A much better solution would be to _vary the compression_ depending on the demand on the system, maintaining high and low side pressures within as tight margins as possible, and thereby maintaining a relatively constant temperature drop across the evaporator. This way, if you set your climate control to 70°F, there might be 50°F air coming out of the evaporator more or less reliably, and the control system can then depend on this and better control mixing with cabin or outside air to maintain temperature in the cabin.

This is exactly the strategy used in the E46 and all late-model BMWs to manage the cooling output of the AC system. The compressor uses a more complex technology called a _variable thrust-plate_ design, which allows the amount of compression to be varied by adjust the piston travel in the compressor. It is described here:



















This design matches the load on the engine to the actual cooling demand, rather than loading the engine in an all-or-nothing fashion as the cycling strategy does. As a result, most of the time under most conditions the compressor load is modest, the impact on fuel economy small, and the cooling output of the system much more constant so that the climate control system can manage cabin temperatures more effectively.
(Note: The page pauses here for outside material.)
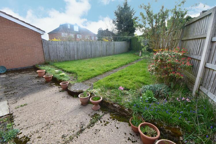With gated side entrance, lawned area, concrete patio and pathway to rear, fencing and hedgerow to boundaries and mature shrubs and bushes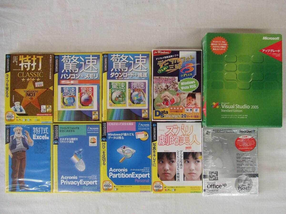 > PCソフト 10個 Visual Studio2005 OfficeXP ズバリ劇的美人 アクロニスパーティション 驚速 デジタルフォト三昧 ジャンク まとめ

Because of this, parasitic losses are far less noticable, especially when ambient temperatures are relatively mild. One can leave the AC on to gain the benefits of dryer air and controlled cabin temperatures even when the outside temp is in the sixties or seventies, and yet the impact on acceleration performance is almost unnoticable. As with the fixed-compressor design, BMWs employ the WOT cut-out strategy as well to ensure that the driver's intent is being served.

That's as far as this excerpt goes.